> [About this exercise]: In your copy, reproduce each entry exactly and include no picture.

> [Dataset records]:
☆ ☆ ☆ ☆ ☆

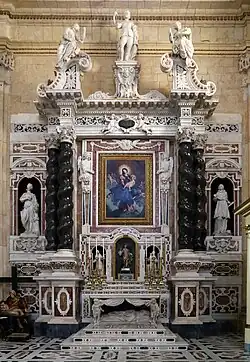 Auf dem Marmoraltar zwischen zwei gedrehten Säulenpaaren befindet sich eine Skulptur des Heiligen Michael, der die abtrünnigen Engel vertreibt, ein Werk von Giuseppe Maria Mazzetti aus dem 18. Jahrhundert. An den Seiten befinden sich zwei Statuen, die den Evangelisten Johannes und den Propheten Jesaia darstellen. Es wurde 1939 restauriert.
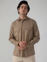 comfort-fit, medium-weight cotton twill shirt, 100% cotton top stitch detailing, double flap pocket, box pleat and recycled horn texture buttons straight hem and cuff for a more outerwear style cargo twill fabric tends to hold its shape well and creases less.
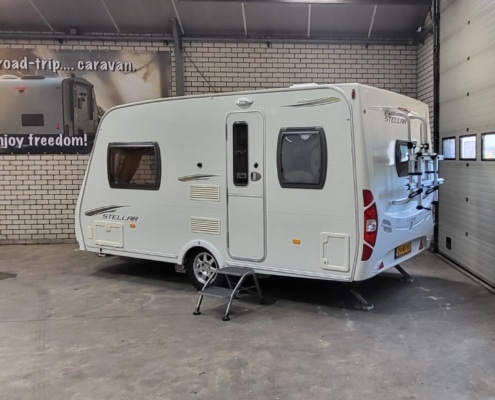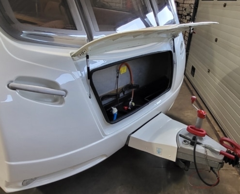 • Reservewiel (onder de caravan)
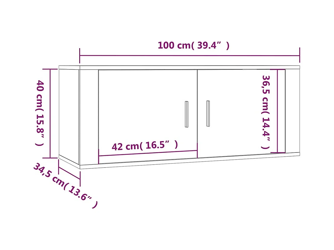 Meubles TV muraux 2 pcs chêne fumé 100x34,5x40 cm
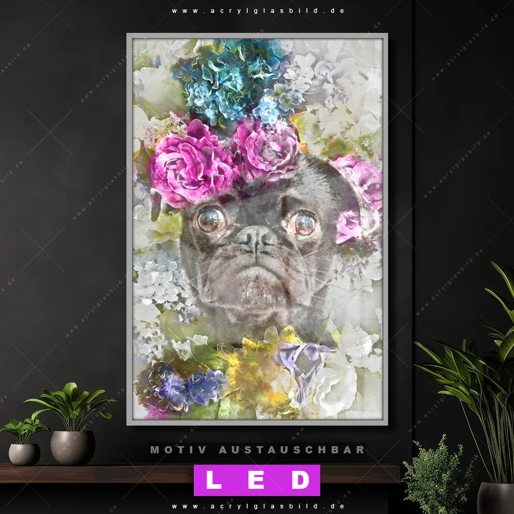 Du suchst nach einem Wandbild mit LED Beleuchtung als ultimativen Hingucker für deine Wände? Dann haben wir das perfekte dimmbare LED Bild mit Fernbedienung und optionaler Farbtemperatursteuerung für dich: unser abgefahrenes Tierwelt, Blumen - Botanik Canvalight® DIA LED Acrylglasbild! Mit dem LED Leuchtbild aus Acrylglas Mops & Blumen im Hochformat mit austauschbarer bedruckter Acrylglas-Scheibe bringst du nicht nur Licht, sondern auch ordentlich Stil in deine Bude.
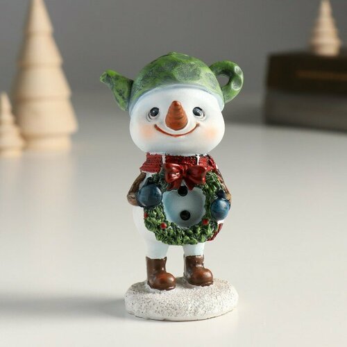 Сувенир полистоун Снеговичок с чайником на голове, держит венок 6х6х11,5 см
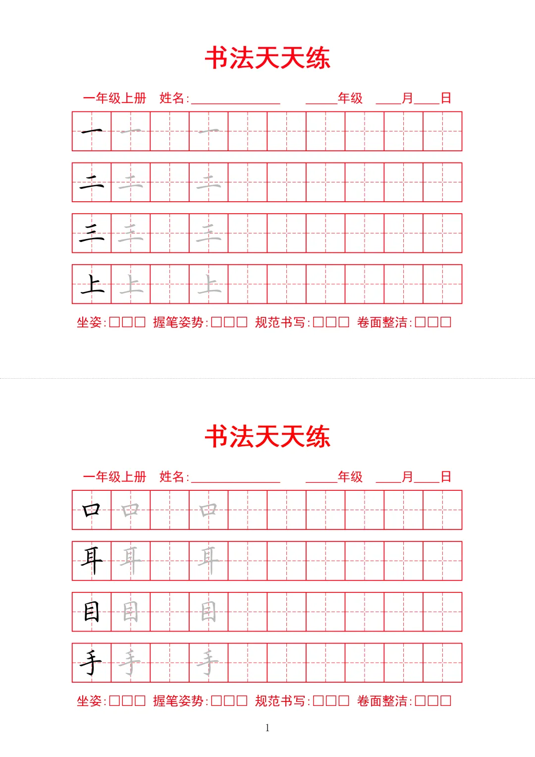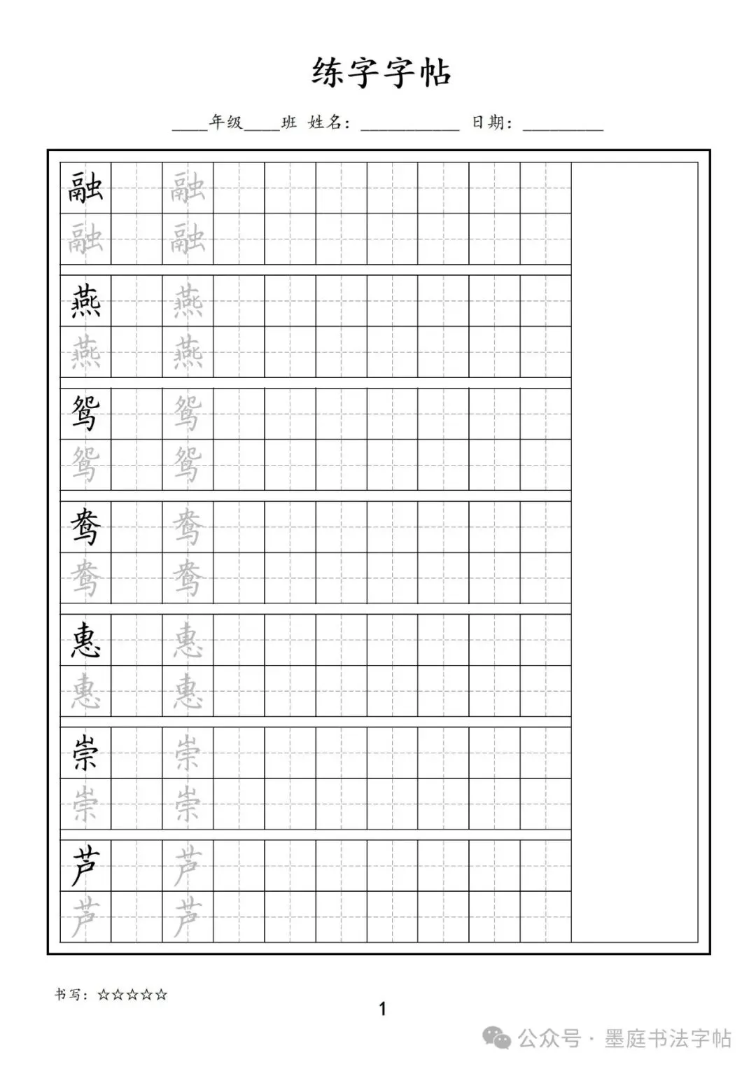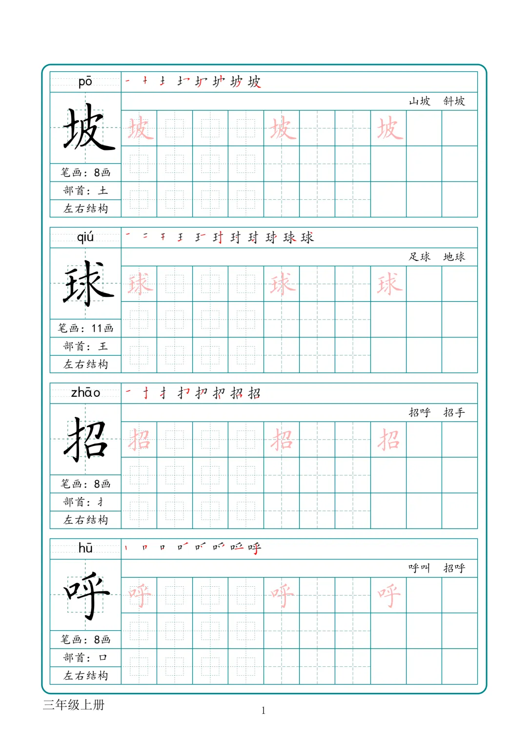 【F-1款】1-6年级生字字帖pdf电子版
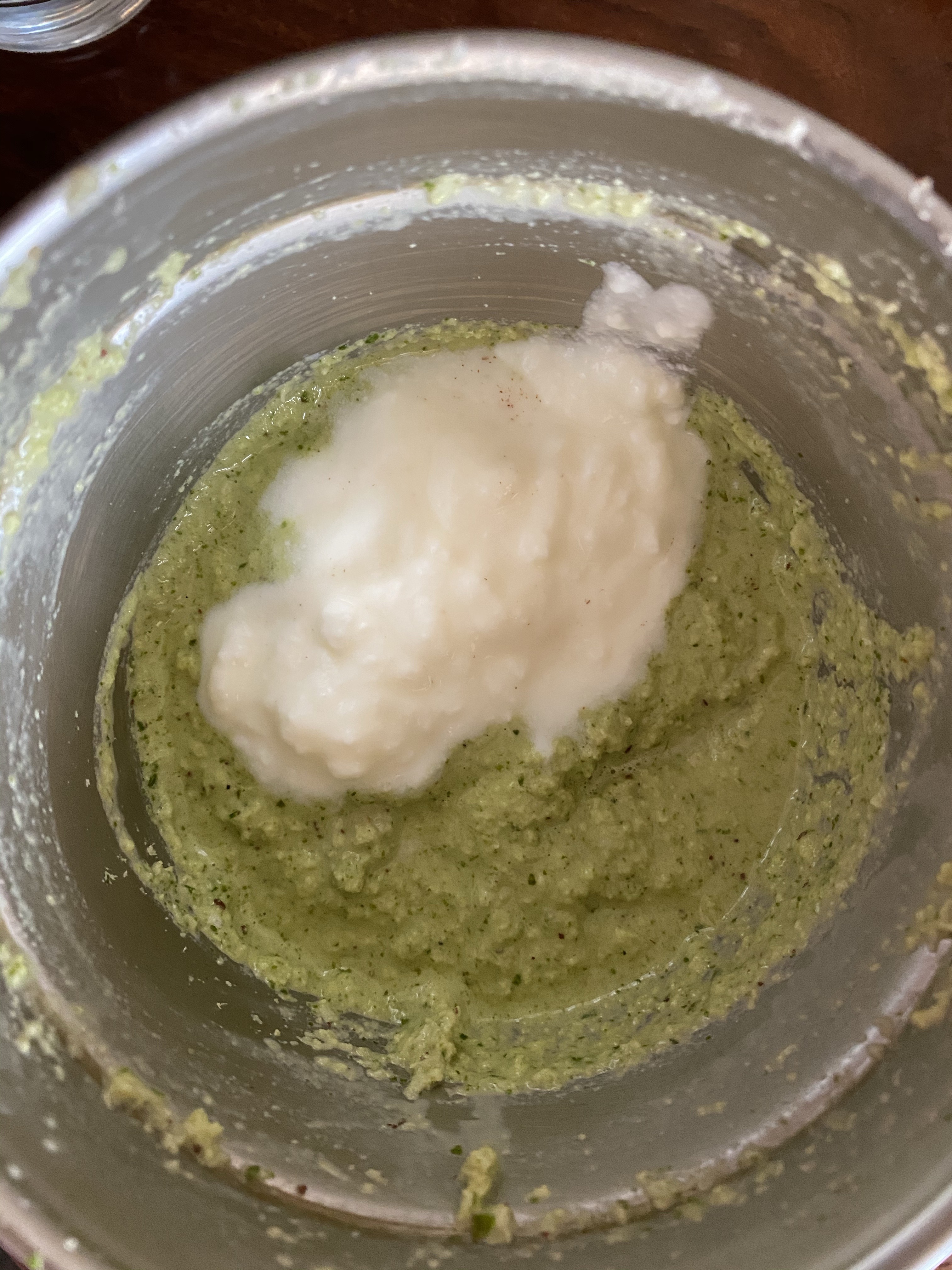 - Now add curd/yogurt and mix well so that curd is nicely mixed in chutney,
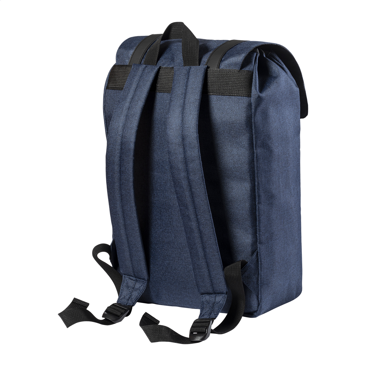 Zaino in RPET con scomparto imbottito per laptop (15") e tablet (12"), tasca frontale con zip, schienale e spallacci imbottiti. Scomparto principale con chiusura a coulisse e bottone magnetico. Poliestere 300D RPET. Con etichetta RPET.
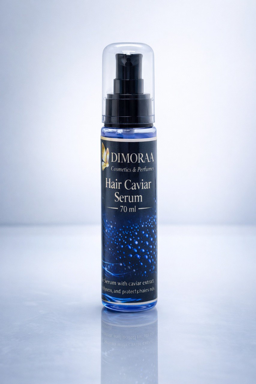 سيروم الكافيار الفاخر بتركيبة غنية من الزيوت المغذية والسيليكونات الخفيفة المصممة لمنح الشعر نعومة فورية، لمعانًا مرآتيًا، وحماية متقدمة من الهيشان والتقصف.
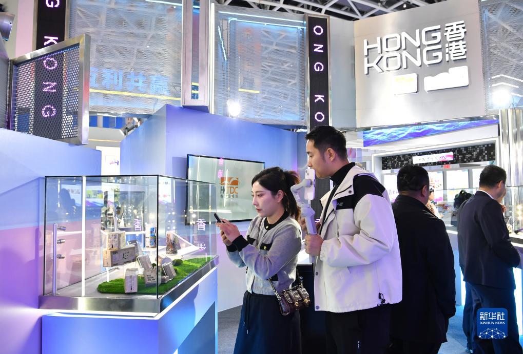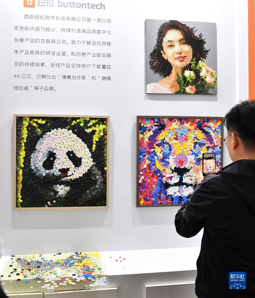11月16日,观众在第七届丝博会上参观由纽扣制作的文创产品。
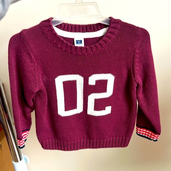 Stylish burgundy sweater. Features bold white number design. Ribbed cuffs and hem. Perfect for layering. Gender neutral can be for both girl and boy toddler kids
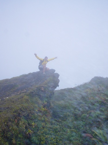 This morning, we woke up to Curry’s delicious crepes, which was a good start for an adventurous hike up the active Mount Pelee (last eruption 1902). We met our bus driver at 8 a.m. to bring us up to the base of the volcano. I was pretty intimidated because clouds covered the top of the peak, and there was no telling how far it went up. We started our ascent up the pathway that was dubbed “the spirit breaker,” and it just seemed to go on forever. Once we reached the caldera, we ventured down into the crater and up the new cone. It felt like a dream being surrounded by lush green foliage and dense clouds. The winds were so intense, and the trail was so steep that one wrong step could have been catastrophic. Once we conquered the volcano, our spirits went way up. While descending “the spirit breaker,” I was thinking to myself, maybe it should be called “the spirit maker”!
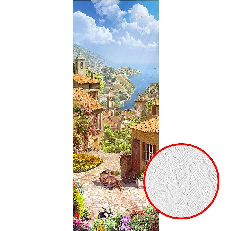 - Виниловые фотообои на флизелине размером 1*2,7 м с рисунком пейзаж.
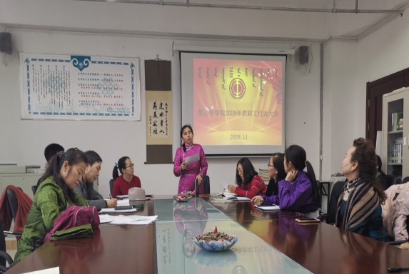 11月25日下午,蒙古学学院在崇文楼B307会议室召开2020年教职工大会,蒙古学学院领导班子及全体教职工参加了本次大会。会议由蒙古学学院分工会主席孔春艳主持。
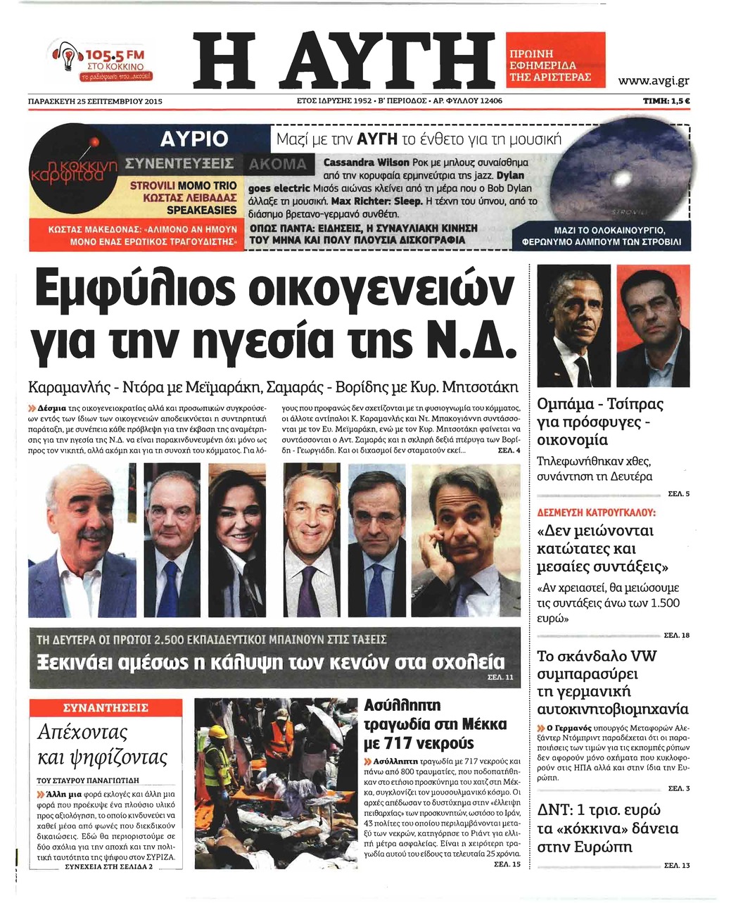 Η ΑΥΓΗ: «Εμφύλιος οικογενειών για την ηγεσία της Ν.Δ.»
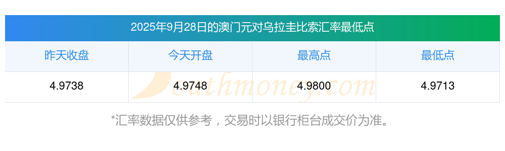 今日澳門元匯價(jià):2025年9月28日24澳門元兌烏拉圭比索匯價(jià)一覽表
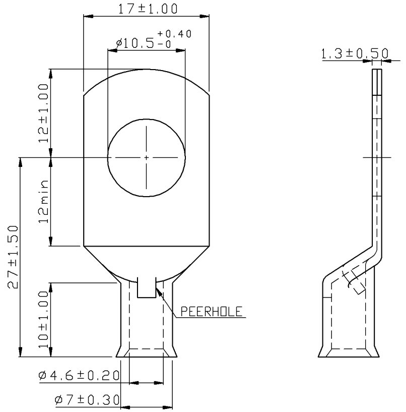 ♦ סוג נעל כבל : NON-INSULATED COPPER FLARED TUBULAR LUG

☆ ☆ ☆ ☆ ☆

> [Solution for this exercise]:
 Auf dem Marmoraltar zwischen zwei gedrehten Säulenpaaren befindet sich eine Skulptur des Heiligen Michael, der die abtrünnigen Engel vertreibt, ein Werk von Giuseppe Maria Mazzetti aus dem 18. Jahrhundert. An den Seiten befinden sich zwei Statuen, die den Evangelisten Johannes und den Propheten Jesaia darstellen. Es wurde 1939 restauriert.
 comfort-fit, medium-weight cotton twill shirt, 100% cotton top stitch detailing, double flap pocket, box pleat and recycled horn texture buttons straight hem and cuff for a more outerwear style cargo twill fabric tends to hold its shape well and creases less.
 • Reservewiel (onder de caravan)
 Meubles TV muraux 2 pcs chêne fumé 100x34,5x40 cm
 Du suchst nach einem Wandbild mit LED Beleuchtung als ultimativen Hingucker für deine Wände? Dann haben wir das perfekte dimmbare LED Bild mit Fernbedienung und optionaler Farbtemperatursteuerung für dich: unser abgefahrenes Tierwelt, Blumen - Botanik Canvalight® DIA LED Acrylglasbild! Mit dem LED Leuchtbild aus Acrylglas Mops & Blumen im Hochformat mit austauschbarer bedruckter Acrylglas-Scheibe bringst du nicht nur Licht, sondern auch ordentlich Stil in deine Bude.
 Сувенир полистоун Снеговичок с чайником на голове, держит венок 6х6х11,5 см
 【F-1款】1-6年级生字字帖pdf电子版
 - Now add curd/yogurt and mix well so that curd is nicely mixed in chutney,
 Zaino in RPET con scomparto imbottito per laptop (15") e tablet (12"), tasca frontale con zip, schienale e spallacci imbottiti. Scomparto principale con chiusura a coulisse e bottone magnetico. Poliestere 300D RPET. Con etichetta RPET.
 سيروم الكافيار الفاخر بتركيبة غنية من الزيوت المغذية والسيليكونات الخفيفة المصممة لمنح الشعر نعومة فورية، لمعانًا مرآتيًا، وحماية متقدمة من الهيشان والتقصف.
11月16日,观众在第七届丝博会上参观由纽扣制作的文创产品。
 Stylish burgundy sweater. Features bold white number design. Ribbed cuffs and hem. Perfect for layering. Gender neutral can be for both girl and boy toddler kids
 This morning, we woke up to Curry’s delicious crepes, which was a good start for an adventurous hike up the active Mount Pelee (last eruption 1902). We met our bus driver at 8 a.m. to bring us up to the base of the volcano. I was pretty intimidated because clouds covered the top of the peak, and there was no telling how far it went up. We started our ascent up the pathway that was dubbed “the spirit breaker,” and it just seemed to go on forever. Once we reached the caldera, we ventured down into the crater and up the new cone. It felt like a dream being surrounded by lush green foliage and dense clouds. The winds were so intense, and the trail was so steep that one wrong step could have been catastrophic. Once we conquered the volcano, our spirits went way up. While descending “the spirit breaker,” I was thinking to myself, maybe it should be called “the spirit maker”!
 - Виниловые фотообои на флизелине размером 1*2,7 м с рисунком пейзаж.
 11月25日下午,蒙古学学院在崇文楼B307会议室召开2020年教职工大会,蒙古学学院领导班子及全体教职工参加了本次大会。会议由蒙古学学院分工会主席孔春艳主持。
 Η ΑΥΓΗ: «Εμφύλιος οικογενειών για την ηγεσία της Ν.Δ.»
 今日澳門元匯價(jià):2025年9月28日24澳門元兌烏拉圭比索匯價(jià)一覽表
 ♦ סוג נעל כבל : NON-INSULATED COPPER FLARED TUBULAR LUG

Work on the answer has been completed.